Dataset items

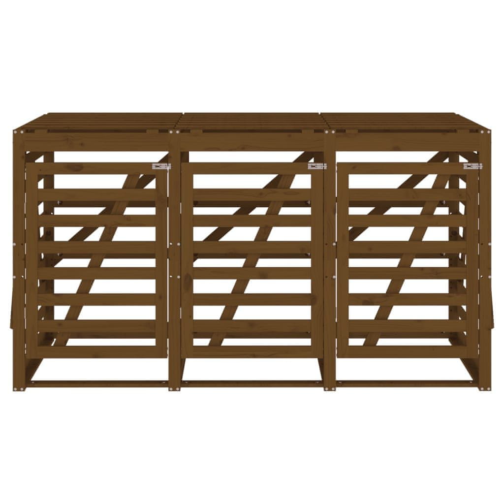 Vidaxl Trojna lopa za smetnjak medeno rjava trdna borovina
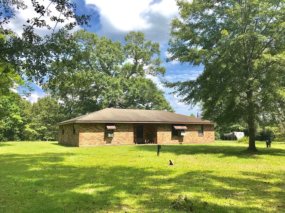Brick house on 6 very pretty acres. Home has open living room/kitchen area w/ high ceilings & wood burning fireplace. Sun room gives extra space for multi uses. Large laundry room/pantry. Storage shed on back of property & also comes with a bonus 600 sq. ft. one bed/one bath cottage w/ living room & kitchenette. Needs some TLC but lots of opportunity for a 2nd family home and/or rental income. There are also 6 RV hookups on front of property that were used for temporary housing after Katrina. Two additional septic tanks on site also. Large covered parking area out back w/ brick fireplace & deck.
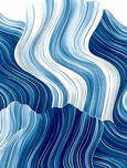 Wavy blue and white lines create a fluid abstract pattern reminiscent of ocean waves or flowing fabric. The design is dynamic with variations in shades adding depth and movement. Inspired by Hokusai s Great Wave at Kanagawa.
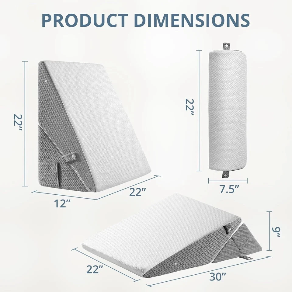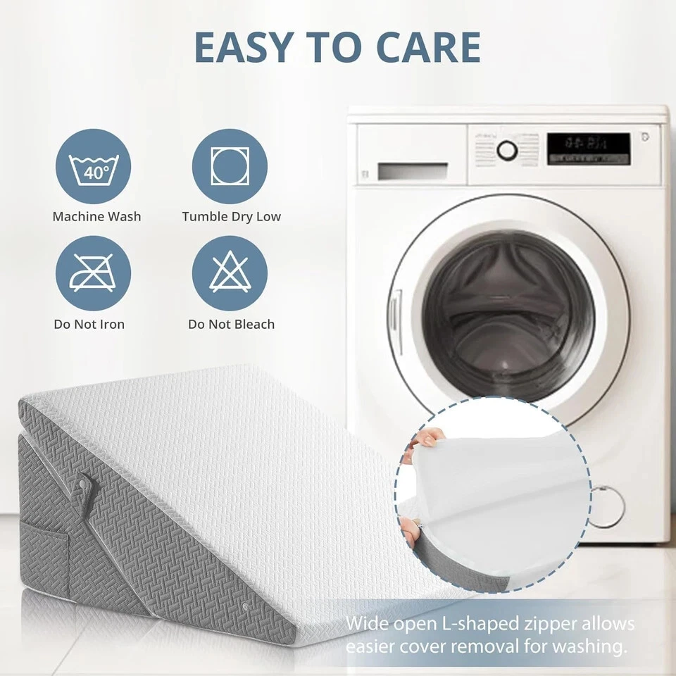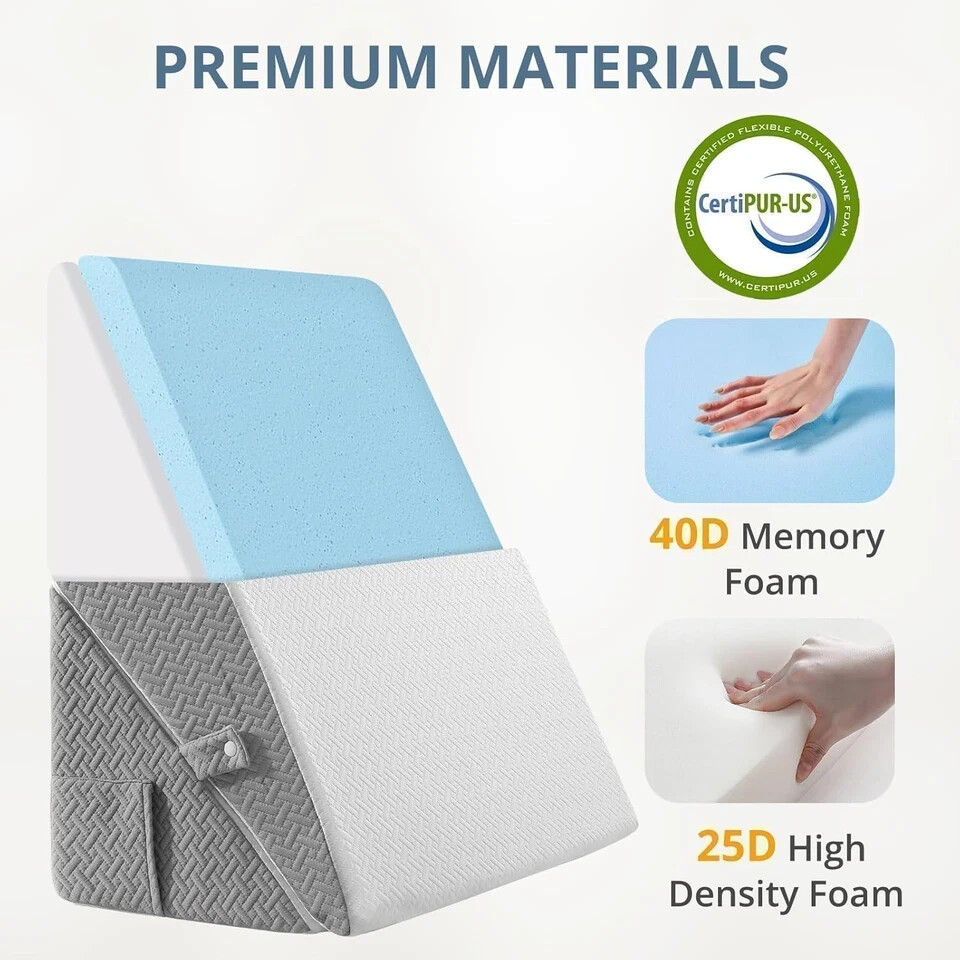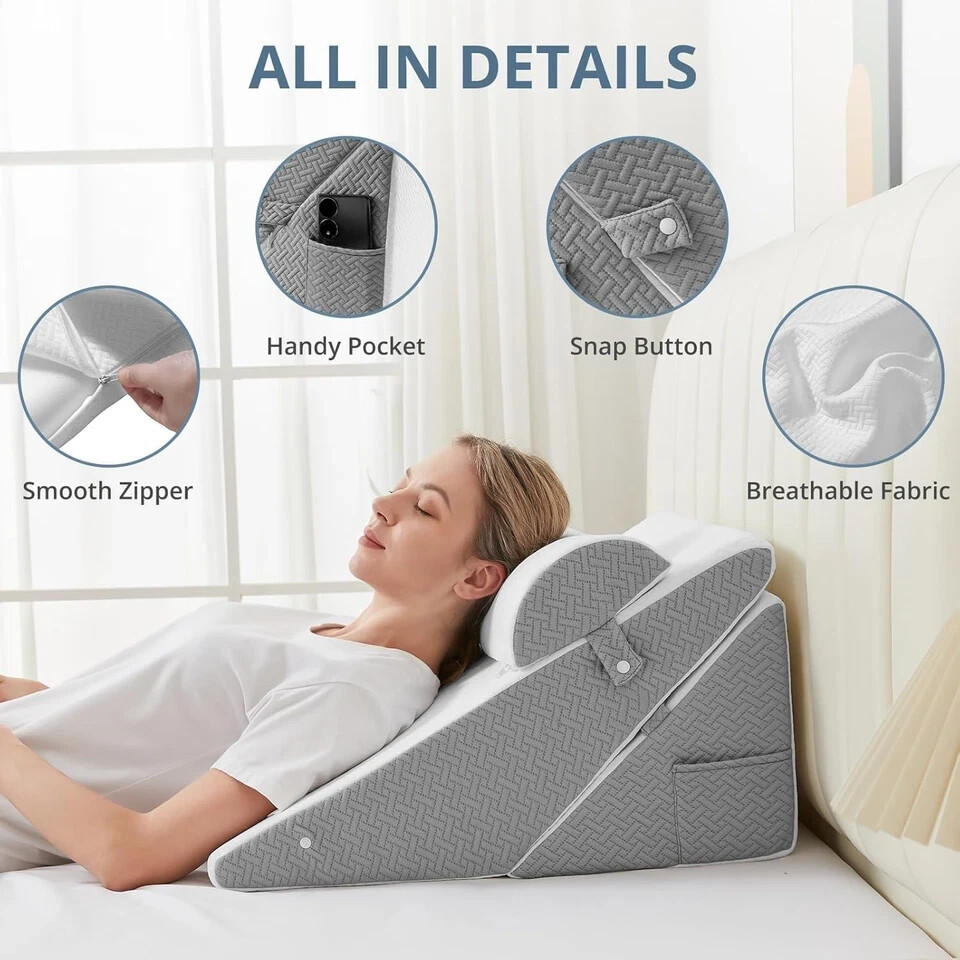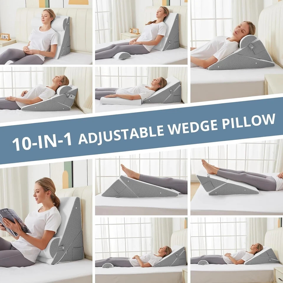 Sasttie Wedge Pillow for Headboard, Adjustable Bed Wedge Pillow Set with Orthope Item Description: 10-in-1 Design: The wedge pillow boasts a 10-in-1 design with adjustable heights to support your body in all positions. The bed wedge pillow also comes with a detachable bolster pillow for extra support wherever you need it Premium Material: Featuring a slow-rebound top layer and a high-density base, our wedge pillow conforms to your body's curves for enhanced comfort while maintaining its shape and durability. Certified by OEKO-TEX for safety, it ensures a healthier sleep experience Health Benefits: Our wedge pillow for sleeping helps reduce acid reflux, snoring, and heartburn through improved breathing and circulation. The triangle pillow wedge also helps ease back, neck, and leg discomfort, ideal for post-surgery recovery All in Details: The bed wedge cover is made of breathable air layer fabric, giving it a breathable and cozy feel. Designed with an L-shaped zip closure, the cover can be removed for washing easily. Handy pockets are designed for quick storage and access About SASTTIE: We are dedicated to enhancing your comfort and health with thoughtfully designed wedge pillows. Our products provide personalized support, and promote better posture and relaxation, helping you create a healthier and more restful lifestyle Fressnish Tips: If you notice a slight odor when you first unpack your wedge pillow, please do not worry. Just let it breathe for 24-48 hours in a well-ventilated area, and the smell will fade away, leaving you with a fresh and comfy pillow Sasttie Wedge Pillow for Headboard, Adjustable Bed Wedge Pillow Set with Orthope
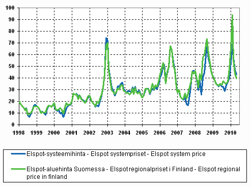 Figur 12. Månadsmedelvärdena för spot-priserna vid elbörsen Nord Pool 1998-, €/MWh
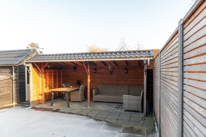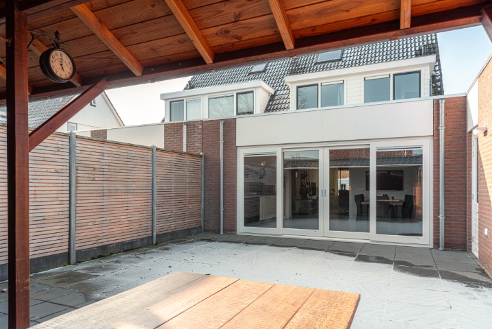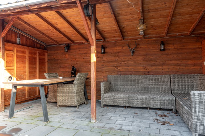 De tuin beschikt over een ruime overkapping en een vrijstaande houten berging. Uniek is dat het perceel aan de achterzijde grenst aan een grasveld/ speelveld.
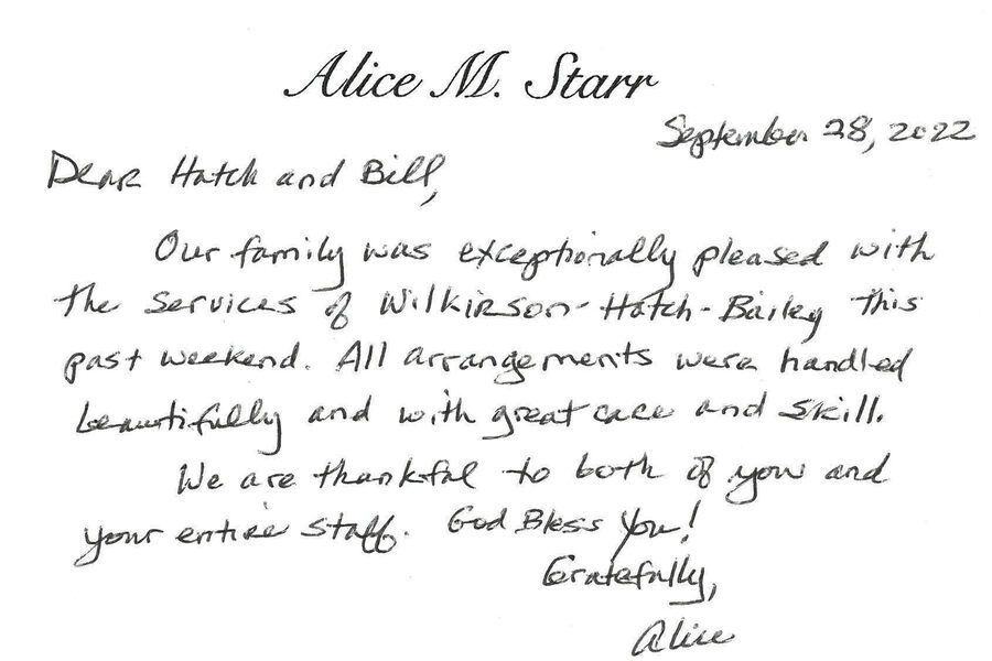Our family was exceptionally pleased with the services of Wilkirson-Hatch-Bailey this past weekend. All arrangements were handled beautifully and with great care and skill. We are thankful to both of you and your entire staff. God Bless You!
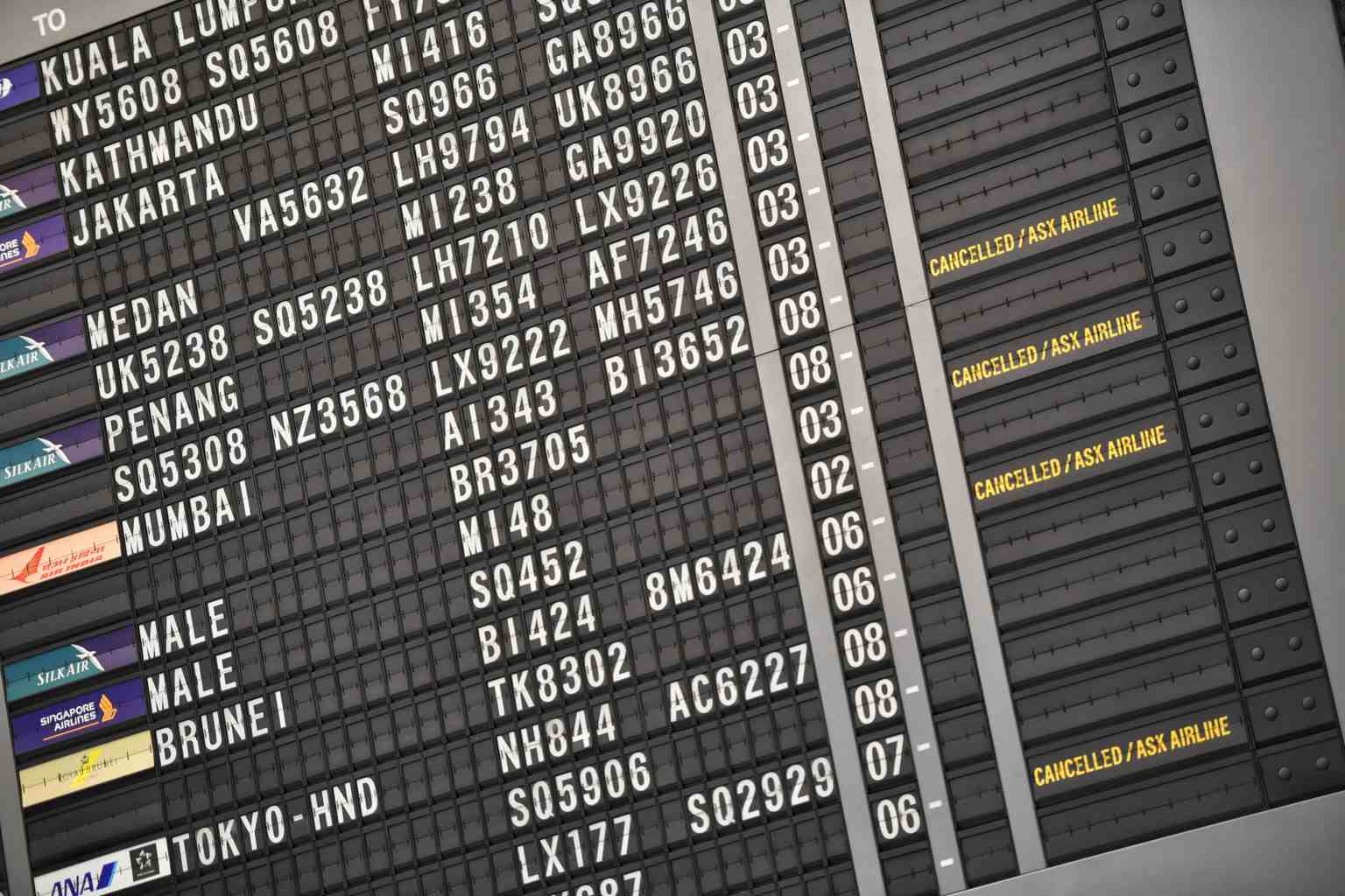 The flight information board at Changi Airport’s Terminal 2 showing flight cancellations on March 23, 2020, as border controls around the world tightened over the past week to stem the Covid-19 outbreak.
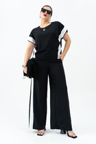 Комплект женский, состоящий из кардигана и брюк. Кардиган прямого силуэта, со спущенной линией плеча. Рукав длинный, заканчивающийся притачной манжетой. Спинка с горизонтальной кокеткой. Вырез горловины V-образный. По краю борта, горловине, спинке и низу кардигана притачные планки. Кардиган застегивается на притачную молнию либо на петли-пуговицы. Брюки прямого силуэта, по переду карманы и имитация застёжки. Пояс притачной с резинкой. Комплект декорирован отделочными строчками, нитками контрастного цвета и частично открытыми срезами.
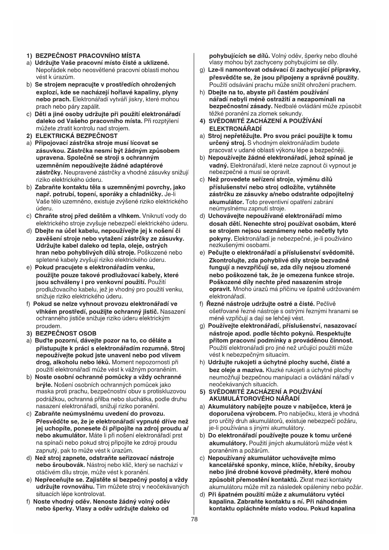 e) Pecujte o elektronáradi a prisluşenstv svédomite. Zkontrolujte, zda pohyblé díly stroje bezvadne funguji a nevzpřićuj se, zda díly nejsou zlomené nebo poskozené tak, ze je omezena funkce stroje. Poskozené díly nechte préd nasazením stroje opravit. Mnoho urazu ma prićinu ve špatné udžovaném elektronáradi.
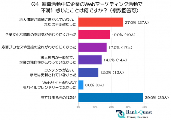 一方で、不満点としては「求人情報が詳細に書かれていない、または不明確だった」が27.0%(27人)で最も多く、応募判断に必要な情報が不足していることが課題として浮かび上がっています。
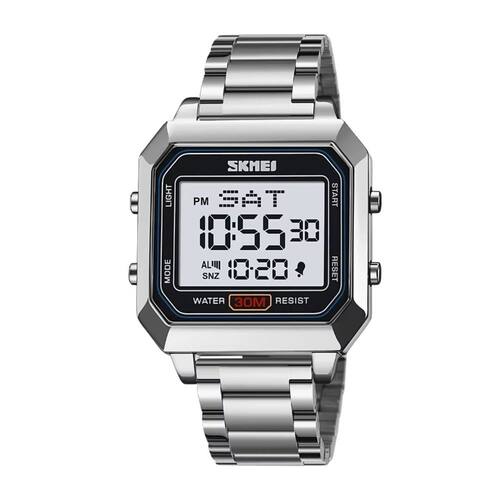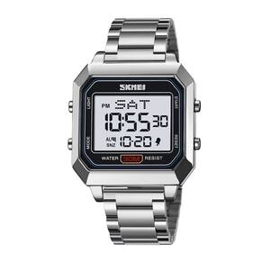 Relógio Masculino Skmei Digital 2149 PrataMarca: Skmei Categoria: Digital Analógico: Não Digital: Sim (1 Horário) Calendário: Sim Despertador: Sim Mostra o Dia da Semana: Sim Mostra o Dia do Mês: Sim Cronômetro: Sim Contador Regressivo: Sim Luz: Sim Cor da Iluminação: VerdeResistente à Água: 3 ATM (Resiste a imersões breves) - Respingos: Sim - Chuva: Sim - Lavar Carro: Sim - Lavar Louça: Sim - Natação: Não - Mergulho: Não Característica do Vidro: Cristal Mineral Tipo de Fecho: Dobrável com Botão Cor da Caixa: Prata Material da Caixa: Metal Banho IP Formato da Caixa: Quadrado Comprimento da Caixa: 40,00 (mm) Largura da Caixa: 40,00 (mm) Espessura da Caixa: 10,00 (mm) Cor da Pulseira: Prata Material da Pulseira: Aço Largura da Pulseira: 20,00 (mm) Comprimento Máximo da Pulseira: 280,00 (mm) Alimentação: Bateria Interna Peso Líquido: 0,130 Kg Modelo: 2149 Cor Predominante: Prata Garantia: 12 MesesConteúdo da Embalagem: 01 Relógio 01 Embalagem 01 Termo de Garantia
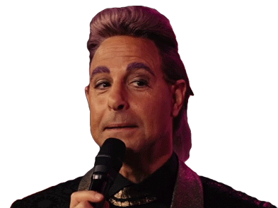 Stanley Tucci as Caesar Flickerman, with his iconic purple hair and makeup, holding a microphone, conveying an 'Okay Alright' sentiment.
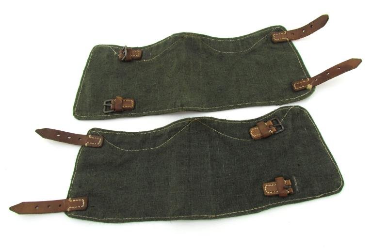 A nice late war matching pair of Gamaschen to be worn on top of the M37 Schnürschuhe. Nice pair with brown leatherMarked but hard to readhard to upgrade!
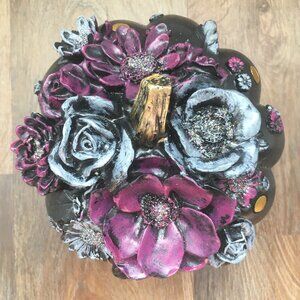 Black pumpkin with metallic gold polka dots and a crown of flowers painted in blue and purple.
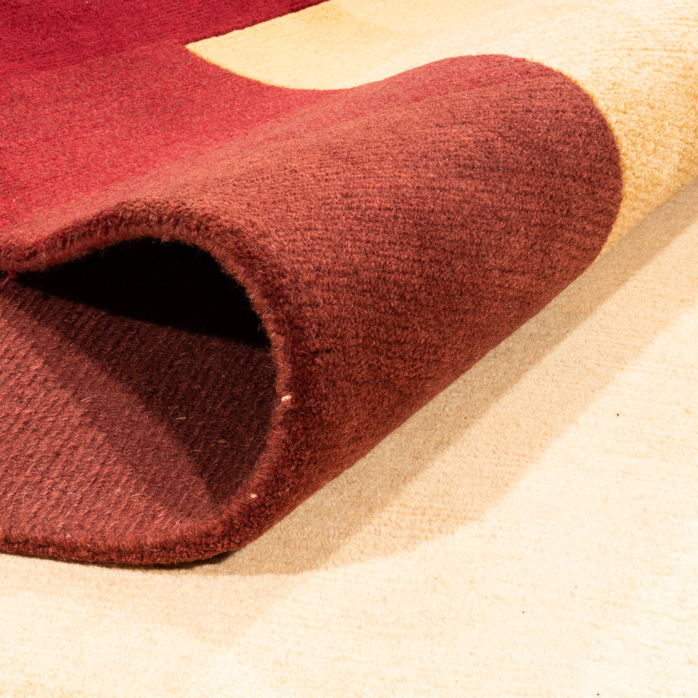 Die handgesponnene Wolle verleiht dem Teppich eine einzigartige, leicht strukturierte Oberfläche mit dezentem Glanz – ein Zeichen echter Handwerkskunst. Gleichzeitig wirkt das Material temperaturausgleichend, schmutzabweisend und sorgt für ein behagliches Raumklima.

- _Exercise instructions_: Would you copy out all the data exactly, without the images?

- _Task response_:
 Vidaxl Trojna lopa za smetnjak medeno rjava trdna borovina
Brick house on 6 very pretty acres. Home has open living room/kitchen area w/ high ceilings & wood burning fireplace. Sun room gives extra space for multi uses. Large laundry room/pantry. Storage shed on back of property & also comes with a bonus 600 sq. ft. one bed/one bath cottage w/ living room & kitchenette. Needs some TLC but lots of opportunity for a 2nd family home and/or rental income. There are also 6 RV hookups on front of property that were used for temporary housing after Katrina. Two additional septic tanks on site also. Large covered parking area out back w/ brick fireplace & deck.
 Wavy blue and white lines create a fluid abstract pattern reminiscent of ocean waves or flowing fabric. The design is dynamic with variations in shades adding depth and movement. Inspired by Hokusai s Great Wave at Kanagawa.
 Sasttie Wedge Pillow for Headboard, Adjustable Bed Wedge Pillow Set with Orthope Item Description: 10-in-1 Design: The wedge pillow boasts a 10-in-1 design with adjustable heights to support your body in all positions. The bed wedge pillow also comes with a detachable bolster pillow for extra support wherever you need it Premium Material: Featuring a slow-rebound top layer and a high-density base, our wedge pillow conforms to your body's curves for enhanced comfort while maintaining its shape and durability. Certified by OEKO-TEX for safety, it ensures a healthier sleep experience Health Benefits: Our wedge pillow for sleeping helps reduce acid reflux, snoring, and heartburn through improved breathing and circulation. The triangle pillow wedge also helps ease back, neck, and leg discomfort, ideal for post-surgery recovery All in Details: The bed wedge cover is made of breathable air layer fabric, giving it a breathable and cozy feel. Designed with an L-shaped zip closure, the cover can be removed for washing easily. Handy pockets are designed for quick storage and access About SASTTIE: We are dedicated to enhancing your comfort and health with thoughtfully designed wedge pillows. Our products provide personalized support, and promote better posture and relaxation, helping you create a healthier and more restful lifestyle Fressnish Tips: If you notice a slight odor when you first unpack your wedge pillow, please do not worry. Just let it breathe for 24-48 hours in a well-ventilated area, and the smell will fade away, leaving you with a fresh and comfy pillow Sasttie Wedge Pillow for Headboard, Adjustable Bed Wedge Pillow Set with Orthope
 Figur 12. Månadsmedelvärdena för spot-priserna vid elbörsen Nord Pool 1998-, €/MWh
 De tuin beschikt over een ruime overkapping en een vrijstaande houten berging. Uniek is dat het perceel aan de achterzijde grenst aan een grasveld/ speelveld.
Our family was exceptionally pleased with the services of Wilkirson-Hatch-Bailey this past weekend. All arrangements were handled beautifully and with great care and skill. We are thankful to both of you and your entire staff. God Bless You!
 The flight information board at Changi Airport’s Terminal 2 showing flight cancellations on March 23, 2020, as border controls around the world tightened over the past week to stem the Covid-19 outbreak.
 Комплект женский, состоящий из кардигана и брюк. Кардиган прямого силуэта, со спущенной линией плеча. Рукав длинный, заканчивающийся притачной манжетой. Спинка с горизонтальной кокеткой. Вырез горловины V-образный. По краю борта, горловине, спинке и низу кардигана притачные планки. Кардиган застегивается на притачную молнию либо на петли-пуговицы. Брюки прямого силуэта, по переду карманы и имитация застёжки. Пояс притачной с резинкой. Комплект декорирован отделочными строчками, нитками контрастного цвета и частично открытыми срезами.
 e) Pecujte o elektronáradi a prisluşenstv svédomite. Zkontrolujte, zda pohyblé díly stroje bezvadne funguji a nevzpřićuj se, zda díly nejsou zlomené nebo poskozené tak, ze je omezena funkce stroje. Poskozené díly nechte préd nasazením stroje opravit. Mnoho urazu ma prićinu ve špatné udžovaném elektronáradi.
 一方で、不満点としては「求人情報が詳細に書かれていない、または不明確だった」が27.0%(27人)で最も多く、応募判断に必要な情報が不足していることが課題として浮かび上がっています。
 Relógio Masculino Skmei Digital 2149 PrataMarca: Skmei Categoria: Digital Analógico: Não Digital: Sim (1 Horário) Calendário: Sim Despertador: Sim Mostra o Dia da Semana: Sim Mostra o Dia do Mês: Sim Cronômetro: Sim Contador Regressivo: Sim Luz: Sim Cor da Iluminação: VerdeResistente à Água: 3 ATM (Resiste a imersões breves) - Respingos: Sim - Chuva: Sim - Lavar Carro: Sim - Lavar Louça: Sim - Natação: Não - Mergulho: Não Característica do Vidro: Cristal Mineral Tipo de Fecho: Dobrável com Botão Cor da Caixa: Prata Material da Caixa: Metal Banho IP Formato da Caixa: Quadrado Comprimento da Caixa: 40,00 (mm) Largura da Caixa: 40,00 (mm) Espessura da Caixa: 10,00 (mm) Cor da Pulseira: Prata Material da Pulseira: Aço Largura da Pulseira: 20,00 (mm) Comprimento Máximo da Pulseira: 280,00 (mm) Alimentação: Bateria Interna Peso Líquido: 0,130 Kg Modelo: 2149 Cor Predominante: Prata Garantia: 12 MesesConteúdo da Embalagem: 01 Relógio 01 Embalagem 01 Termo de Garantia
 Stanley Tucci as Caesar Flickerman, with his iconic purple hair and makeup, holding a microphone, conveying an 'Okay Alright' sentiment.
 A nice late war matching pair of Gamaschen to be worn on top of the M37 Schnürschuhe. Nice pair with brown leatherMarked but hard to readhard to upgrade!
 Black pumpkin with metallic gold polka dots and a crown of flowers painted in blue and purple.
 Die handgesponnene Wolle verleiht dem Teppich eine einzigartige, leicht strukturierte Oberfläche mit dezentem Glanz – ein Zeichen echter Handwerkskunst. Gleichzeitig wirkt das Material temperaturausgleichend, schmutzabweisend und sorgt für ein behagliches Raumklima.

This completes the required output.